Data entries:

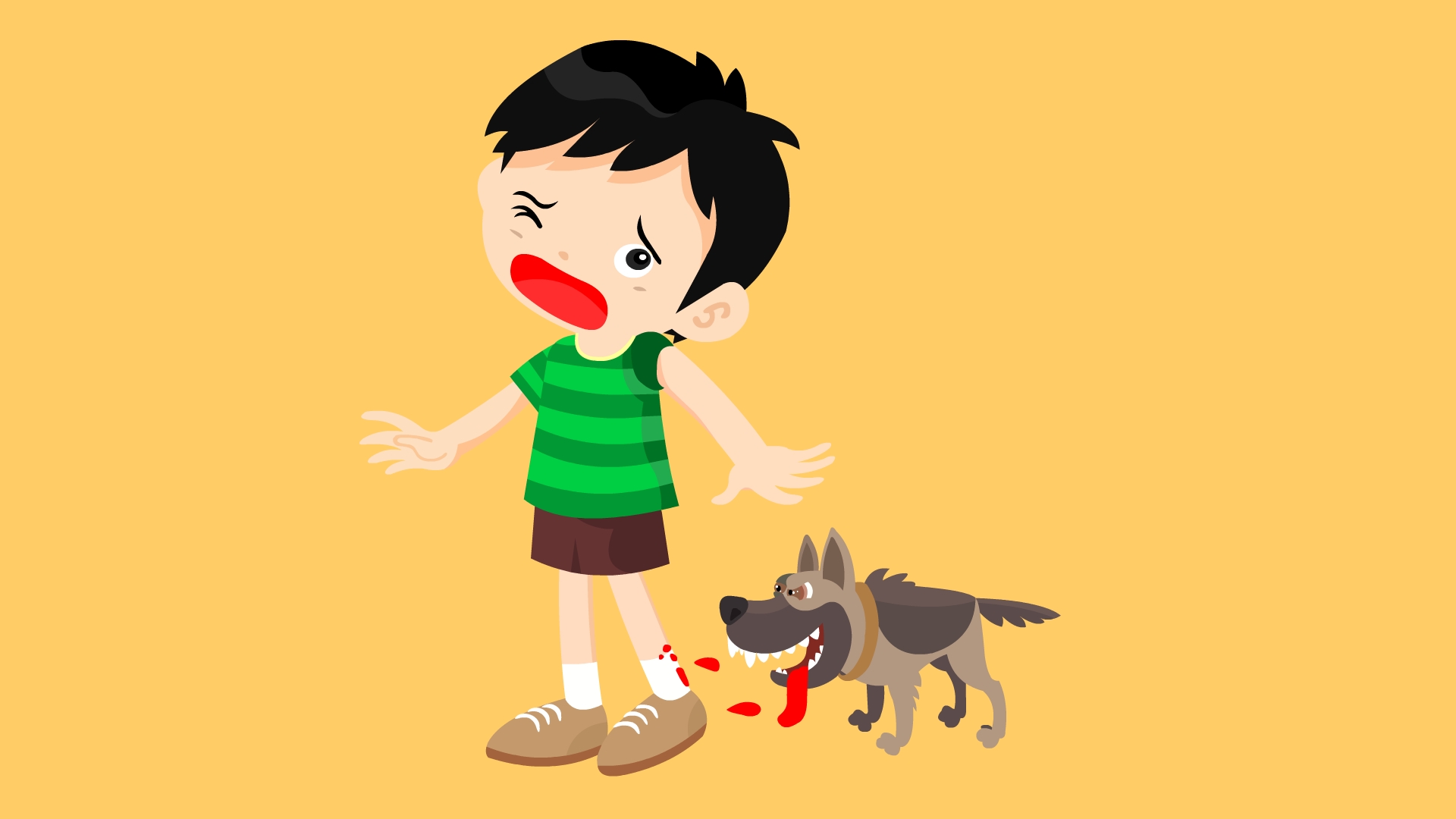 卡通世界狂犬病日正在被狗咬的人手绘元素
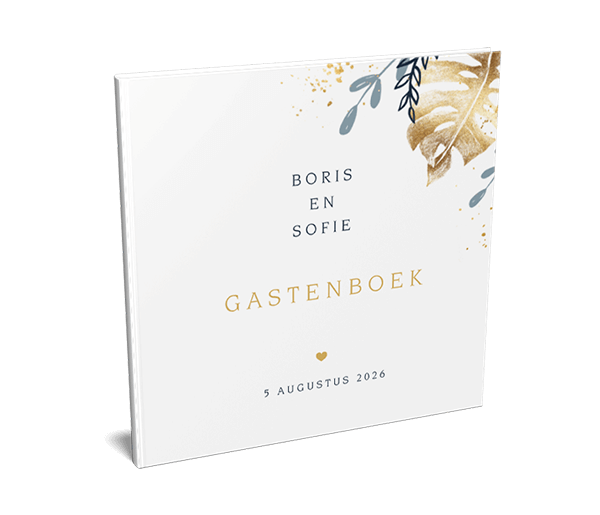 Stijlvol wit gastenboek met een tekening van bladeren in grijsblauw en goud in de hoeken. Deze kleuren komen ook terug in de tekst, het kleine hartje zorgt voor een romantisch accent!
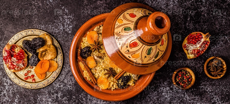 Традиционный марокканский тажин из курицы с сухофруктами и специями
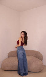 Prezzo unitario / perJeans vita alta con sfumature blu a contrasto. Vestibilità regolare.
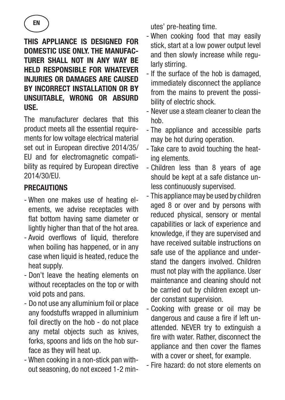 - Do not use any alluminium foil or place any foodstuffs wrapped in alluminium foil directly on the hob - do not place any metal objects such as knives, forks, spoons and lids on the hob sur- face as they will heat up.
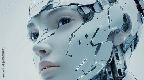 Female robot face, Artificial intelligence concept. Generative AI
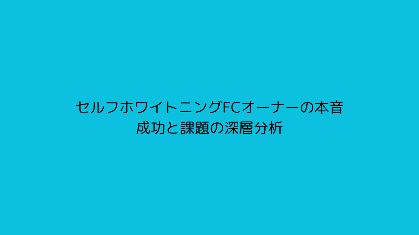 セルフホワイトニングFC事業で成功を収めるためには、前述の課題とリスクを認識した上で、戦略的なアプローチと継続的な努力が不可欠である。

About this exercise: Copy out the lines above from the line containing "Stijlvol wit gastenboek" through the line containing "- Do not use", exactly, and keep the pictures out.

Response for this exercise:
 Stijlvol wit gastenboek met een tekening van bladeren in grijsblauw en goud in de hoeken. Deze kleuren komen ook terug in de tekst, het kleine hartje zorgt voor een romantisch accent!
 Традиционный марокканский тажин из курицы с сухофруктами и специями
 Prezzo unitario / perJeans vita alta con sfumature blu a contrasto. Vestibilità regolare.
 - Do not use any alluminium foil or place any foodstuffs wrapped in alluminium foil directly on the hob - do not place any metal objects such as knives, forks, spoons and lids on the hob sur- face as they will heat up.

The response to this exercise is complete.